▶ **Activity**:
Transcribe the listing below exactly, without pictures.

▶ **Recorded information**:
- Opening Delimiter -

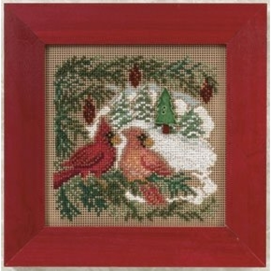 MH140301 Mill Hill Набір для вишивки рахунковим хрестиком + бісером - Кардинали у лісі Cardinal Forest 13x13 см, перфорований папір
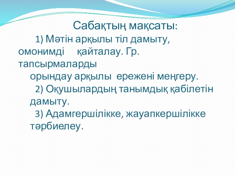 Сабақтың мақсаты: 1) Мәтін арқылы тіл дамыту, омонимді қайталау. Гр. тапсырмаларды
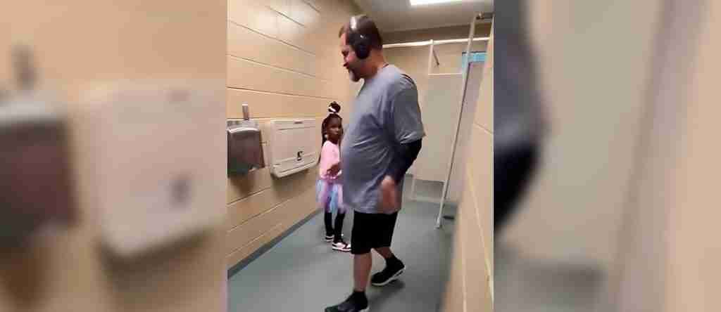 Con celular a la mano ingresa un padre a un baño público mientras graba a su hija, dudando de la seguridad de la menor al entrar sola e indefensa a un espacio público.
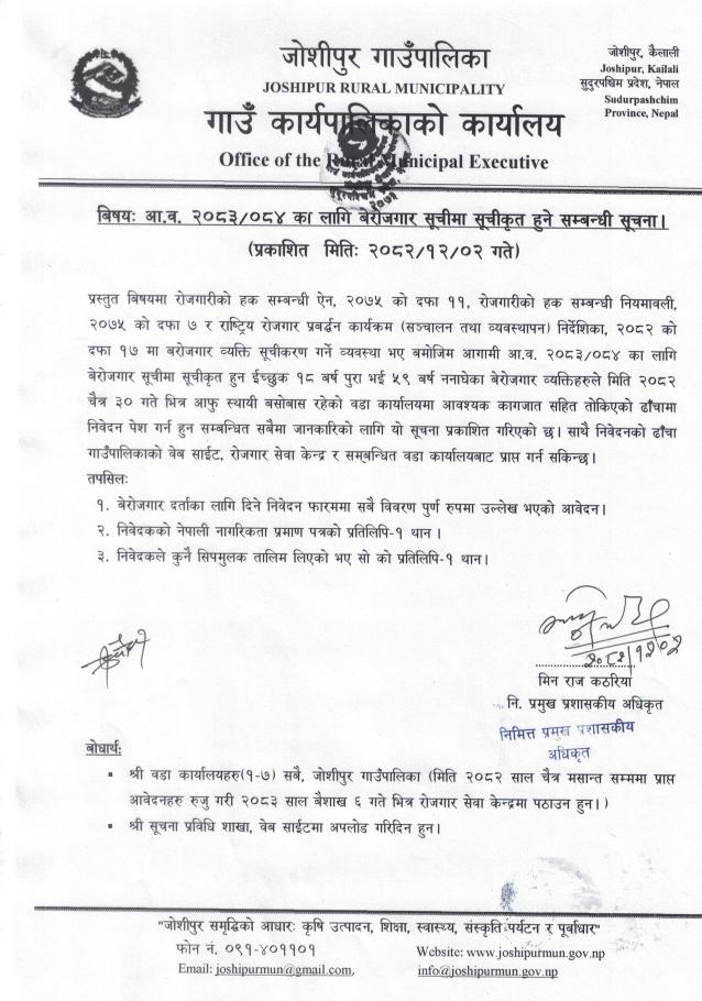आ.व.२०८३/०८४ का लागि बेरोजगार सूचीमा सुचीकृत हुने सम्बन्धी सूचना ।

- Closing Delimiter -

▶ **Solution for this problem**:
 MH140301 Mill Hill Набір для вишивки рахунковим хрестиком + бісером - Кардинали у лісі Cardinal Forest 13x13 см, перфорований папір
 Сабақтың мақсаты: 1) Мәтін арқылы тіл дамыту, омонимді қайталау. Гр. тапсырмаларды
 Con celular a la mano ingresa un padre a un baño público mientras graba a su hija, dudando de la seguridad de la menor al entrar sola e indefensa a un espacio público.
आ.व.२०८३/०८४ का लागि बेरोजगार सूचीमा सुचीकृत हुने सम्बन्धी सूचना ।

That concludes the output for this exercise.